___ DATA FOR PROCESSING ___

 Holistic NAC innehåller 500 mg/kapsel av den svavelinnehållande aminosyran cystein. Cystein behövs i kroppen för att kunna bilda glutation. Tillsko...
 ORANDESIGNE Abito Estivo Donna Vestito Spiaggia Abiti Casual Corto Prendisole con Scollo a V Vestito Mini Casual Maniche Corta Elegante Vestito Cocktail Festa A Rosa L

___
___ DATA FOR PROCESSING ___

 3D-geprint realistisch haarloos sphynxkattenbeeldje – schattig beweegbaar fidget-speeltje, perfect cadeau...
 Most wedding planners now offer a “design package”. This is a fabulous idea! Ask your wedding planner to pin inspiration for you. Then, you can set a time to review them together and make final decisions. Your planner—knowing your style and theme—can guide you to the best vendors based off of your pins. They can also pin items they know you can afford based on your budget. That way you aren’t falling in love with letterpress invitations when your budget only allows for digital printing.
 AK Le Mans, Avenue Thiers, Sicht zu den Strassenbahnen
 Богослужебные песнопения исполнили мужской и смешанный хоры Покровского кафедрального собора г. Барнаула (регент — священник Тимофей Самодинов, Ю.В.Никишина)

___
___ DATA FOR PROCESSING ___

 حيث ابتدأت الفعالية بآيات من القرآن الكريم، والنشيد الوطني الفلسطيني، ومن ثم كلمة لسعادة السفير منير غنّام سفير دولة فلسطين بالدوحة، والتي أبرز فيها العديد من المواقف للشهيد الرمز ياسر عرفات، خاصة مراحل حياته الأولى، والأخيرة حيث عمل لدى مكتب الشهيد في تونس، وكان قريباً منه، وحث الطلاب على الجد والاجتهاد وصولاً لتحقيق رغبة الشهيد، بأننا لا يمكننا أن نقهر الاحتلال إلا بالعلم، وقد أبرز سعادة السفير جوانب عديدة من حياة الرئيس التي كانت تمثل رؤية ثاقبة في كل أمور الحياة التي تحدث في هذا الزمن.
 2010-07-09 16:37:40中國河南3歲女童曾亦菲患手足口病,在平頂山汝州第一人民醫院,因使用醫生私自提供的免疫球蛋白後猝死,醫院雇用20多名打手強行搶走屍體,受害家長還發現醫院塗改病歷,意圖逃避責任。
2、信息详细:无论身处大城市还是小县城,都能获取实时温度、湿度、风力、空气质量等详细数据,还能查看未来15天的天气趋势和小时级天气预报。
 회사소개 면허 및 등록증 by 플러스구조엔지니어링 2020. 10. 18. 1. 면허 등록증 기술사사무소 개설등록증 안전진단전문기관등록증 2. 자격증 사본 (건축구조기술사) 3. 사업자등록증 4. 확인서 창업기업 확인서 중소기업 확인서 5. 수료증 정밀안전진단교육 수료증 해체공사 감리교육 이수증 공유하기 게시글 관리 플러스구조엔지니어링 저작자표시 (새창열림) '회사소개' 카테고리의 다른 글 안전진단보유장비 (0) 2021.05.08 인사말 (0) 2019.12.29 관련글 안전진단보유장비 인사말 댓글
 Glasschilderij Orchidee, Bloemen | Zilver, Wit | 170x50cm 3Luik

___

— EXERCISE DESCRIPTION —
Return only the lines between the one holding "2、信息详细:无论身处大城市" and the one holding "Glasschilderij Orchidee, Bloemen", inclusive, exactly as they appear above.

— ANSWER BELOW —
2、信息详细:无论身处大城市还是小县城,都能获取实时温度、湿度、风力、空气质量等详细数据,还能查看未来15天的天气趋势和小时级天气预报。
 회사소개 면허 및 등록증 by 플러스구조엔지니어링 2020. 10. 18. 1. 면허 등록증 기술사사무소 개설등록증 안전진단전문기관등록증 2. 자격증 사본 (건축구조기술사) 3. 사업자등록증 4. 확인서 창업기업 확인서 중소기업 확인서 5. 수료증 정밀안전진단교육 수료증 해체공사 감리교육 이수증 공유하기 게시글 관리 플러스구조엔지니어링 저작자표시 (새창열림) '회사소개' 카테고리의 다른 글 안전진단보유장비 (0) 2021.05.08 인사말 (0) 2019.12.29 관련글 안전진단보유장비 인사말 댓글
 Glasschilderij Orchidee, Bloemen | Zilver, Wit | 170x50cm 3Luik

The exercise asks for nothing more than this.